One example shared was that in a team with three programmers and one tester, the biggest problem was a testing bottleneck. Rafael asked the team what the tester does and wrote those items on a whiteboard. Then he asked the programmers which of those things on the board they couldn’t do. There was only one item they felt they couldn’t handle. This helped the programmers understand how everyone on the development team, not only the testers, could be responsible for testing tasks. This was a highly effective exercise.
Creative approaches like this help new agile teams tackle difficult testing challenges. Retrospectives are a good environment for experimenting.
Use retrospectives as an opportunity to raise testing-related issues and get the whole team thinking about possible solutions. We’ve been pleasantly surprised with the innovative ideas that come out of an entire team focusing on how to improve the way it works.
Celebrate Successes
Agile development practices tend to moderate the highs and lows that exist in more traditional or chaotic processes. If your waterfall team finally manages to push a release out the door after a year-long cycle ending in a two-month stressful fix-and-test cycle, everyone may be ready to celebrate the event with a big party—or they might just collapse for a couple of weeks.
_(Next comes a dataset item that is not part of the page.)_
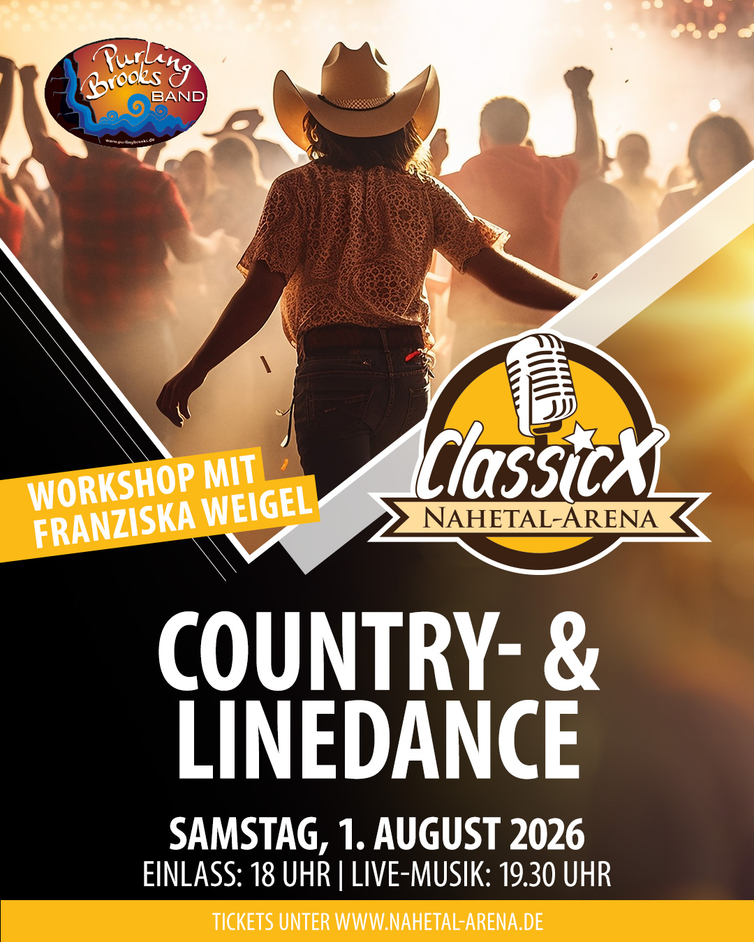 Alle, die gerne noch vollkommen „handgemachte“ Live-Musik hören und genießen möchten, kommen bei der PURLING BROOKS BAND voll auf ihre Kosten. Wer noch unerfahren ist: Vor dem Konzert findet ein Linedance Workshop statt – für Anfänger bis Fortgeschrittene mit Franziska Weigel: Langjährige Erfahrung als aktive Line Dance Tänzerin, seit 2 Jahren Ausbildung zur Kursleiterin Line Dance beim Saarländischen Turnerbund

Agile teams that release every two weeks tend to stay in their normal coding and testing groove, starting on the next set of stories after drawing just enough breath to hold an iteration review and retrospective. This is nice, but you know what they say about all work and no play.
Make sure your team takes at least a little time to pat itself on the back and recognize its achievements. Even small successes deserve a reward. Enjoyment is a vital agile value, and a little motivation helps your team continue on its successful path. For some reason, this can be hard to do. Many agile teams have trouble taking time to celebrate success. Sometimes you’re eager to get going with the next iteration and don’t take time to congratulate yourselves on the previous accomplishments.
Lisa’s team ends an iteration every other Thursday and conducts its retrospective, iteration review, and release the following day. After their meetings conclude, they usually engage in something they call “Friday Fun.” This sometimes consists of playing a silly trivia or board game, going out for a drink, or playing a round of miniature golf. Getting a chance to relax and have a good laugh has a team-building side benefit.
For bigger milestones, such as a big release or achieving a test coverage goal, the whole company has a party to celebrate, bringing in catered food or going out to a restaurant on Friday afternoon. This is a nice reward and recognizes for everyone on both the business and technical teams.
If yours is a new agile team, motivate yourselves by rewarding small accomplishments. Cheer the rising number of unit tests passing in each build. Oooh and aaah over the chart showing actual burn down matching the projected burn down. Ring a bell when the broken unit tests in the build are fixed (okay, that one might be annoying, but recognize it in some way.)